Tuesday, November 08, 2011

Forgotten Movies: Love with the Proper Stranger

ANYONE KNOW OF A NICE, BUT REASONABLE, HOTEL IN TUSCON.





This is the last scene and completely out of keeping with the rest of the movie. It is really a dark little tale of a one-night stand that results in an unwanted pregnancy. This was a tear-jerker of the first magnitude. Neither star has ever looked better. Happy ending, sure, but a lot of angst before getting there. The scary scene at an abortionist pre Roe v. Wade kept a lot of girls on the right path for years.

Both gone now and way too young.

Todd Mason has other links to forgotten movies.

15 comments:

Margot Kinberg said...

Patti - Oh, I haven't thought of this movie in a looooong time. Thanks for the reminder!

Anonymous said...

It's been a long time since I've seen this one. McQueen was a favorite of mine from THE MAGNIFICENT SEVEN and WANTED - DEAD OR ALIVE.

I miss black & white movies.

Jeff M.

Charles Gramlich said...

Haven't seen this one.

Yvette said...

A pretty good movie. I thought, daring, in its time. If they didn't have a happy ending, then the Natalie Wood character would have had to have died in the film. You know how it was then.

I'd forgotten about this one, Patti. Don't think they show this one much on TV.

Another movie with a similar theme but with much younger actors was BLUE DENIM. It was based on a play with a totally different ending. Brandon de Wilde was the boy in the film, Carol Lynley the girl.

pattinase (abbott) said...

I remember that one too. You're right death or marriage was the only choice.

Todd Mason said...

In movies, you mean? I gather in real life, if you had enough money, you went (or were sent) to Catholic Puerto Rico or Catholic Mexico or even largely Catholic Switzerland where good abortion clinics were, or you were lucky enough to be in touch with a proto-"Jane" network or otherwise had access to a reasonably brave and/or enterprising doctor who wasn't a butcher...if you didn't have the money, girl, you got to take your chances...I'm not sure I've ever seen LOVE here, but an early viewing of THE L-SHAPED ROOM might have helped shape my staunch pro-choice politics over the years.

So maybe that's another double feature, LOVE/L-SHAPED ROOM.

pattinase (abbott) said...

L-Shaped Room is another favorite and the book (Lynne Banks?) was great too.

Deb said...

I try to explain to my girls (all teenagers) what a colossal "shame" it was for a woman to have a baby out of wedlock just two generations ago and they look at me as if I've sprouted a second head; that type of world just doesn't seem possible to them.

Anonymous said...

What amazed me when I became an adult was finding out (often by hearing my elders casually discuss it) how common abortion was in my grandmother's generation. Apparently quite a few of my great aunts underwent more than one, and they were performed by their own doctors. The same was true in Jackie's family.

Who knew?

There was an HBO documentary some years ago by a guy (I'm pretty sure it was a guy but it could have been a womqn) whose mother died after an illegal abortion. The picture of her dead in a dingy motel room has remained with me ever since.

Of course, growing up we were at the generation where birth control pills were just coming into general use and there were many pregnancy scares - and a couple of more or less shotgun marriages - among our generation.
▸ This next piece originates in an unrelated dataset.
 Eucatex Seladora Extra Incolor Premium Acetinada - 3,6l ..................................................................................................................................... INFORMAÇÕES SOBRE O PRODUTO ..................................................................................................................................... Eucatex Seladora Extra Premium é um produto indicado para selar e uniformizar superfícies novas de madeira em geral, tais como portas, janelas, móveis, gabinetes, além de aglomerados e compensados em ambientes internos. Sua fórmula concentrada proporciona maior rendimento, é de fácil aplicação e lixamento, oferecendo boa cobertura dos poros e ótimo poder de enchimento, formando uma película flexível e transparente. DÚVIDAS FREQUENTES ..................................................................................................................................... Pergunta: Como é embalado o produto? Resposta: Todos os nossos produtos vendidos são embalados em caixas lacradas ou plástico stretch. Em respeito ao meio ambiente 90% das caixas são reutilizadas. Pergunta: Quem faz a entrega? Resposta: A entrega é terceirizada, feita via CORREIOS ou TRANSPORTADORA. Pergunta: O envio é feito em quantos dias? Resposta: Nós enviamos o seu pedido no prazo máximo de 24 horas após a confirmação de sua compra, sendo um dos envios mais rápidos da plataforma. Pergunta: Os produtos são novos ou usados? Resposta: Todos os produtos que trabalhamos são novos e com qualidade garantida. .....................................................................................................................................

Yes, Todd, Puerto Rico was definitely a place women of means and a certain age went before abortion was legal here.

Jeff M.

Ron Scheer said...

Thanks for the clip. I remember seeing this film when it was new. It certainly took up a subject that you were likelier to find in a euro movie like L-Shaped Room at the time. Though there was also Splendor in the Grass, also with Natalie Wood. How beautiful she was. McQueen seldom failed to disappoint either.

Ron Scheer said...

I think I meant "seldom failed to please." Watch for more of these slips since I've turned 70. They may be what I'm eventually remembered for. . .

pattinase (abbott) said...

For sheer beauty, this wins prizes. Although Beatty was no slouch in that dept. in SITG either.

Deb said...

In another interesting moment of sychronicity, I was listening to NPR's Fresh Air while driving home this evening and the topic was the history of birth control. The woman being interviewed wrote an article about birth control in this week's New Yorker. As Jeff points out, the abortion statistic was astonishing: About 1 in every 3 pregnancies was terminated through an illegal abortion in the 1920s. My great-grandmother limited her family size using a crochet needle. Yikes!
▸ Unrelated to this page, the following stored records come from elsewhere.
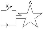 孝剛把一柔軟導線彎成星形電路如下圖,並將此電路置於光滑水平桌上。當孝剛按下開關K時,電路會有何變化? (A)會變形使A角變小,所圍面積變小 (B)會變形使A角變小,所圍面積變大 (C)會變形使A角變大,所圍面積變小 (D)會變形使A角變大,所圍面積變大
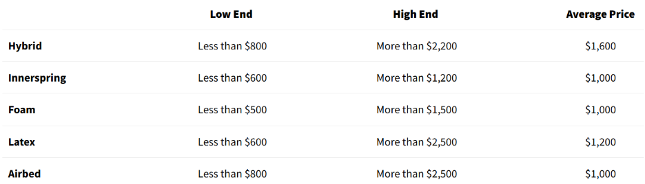 Now, mattresses have types, and each type has a unique cost attached to it - often varying by a lot.
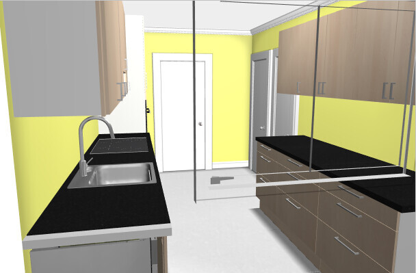 Die Breite der Küche habe ich erst jetzt richtig bemerkt. Für eine Insel finde ich die Küche zu schmal. Es ist dann nur ein Schrank, der im Weg steht.

Anyone looking at their family tree will notice female members who died fairly young--not all of them died of influenza, I assure you.

pattinase (abbott) said...

And those days may return!

Todd Mason said...

Happily, the trend was turned back at bit yesterday in Mississippi, albeit it was a referendum on a law so insane that Haley Barbour couldn't get behind it.

Likewise Kasich getting his union-busting arse handed to him.

Very sad that the closest thing to victories the left is getting are these assertions of good sense by the center against the far right, but any actual assertion of good sense by centrists is welcome.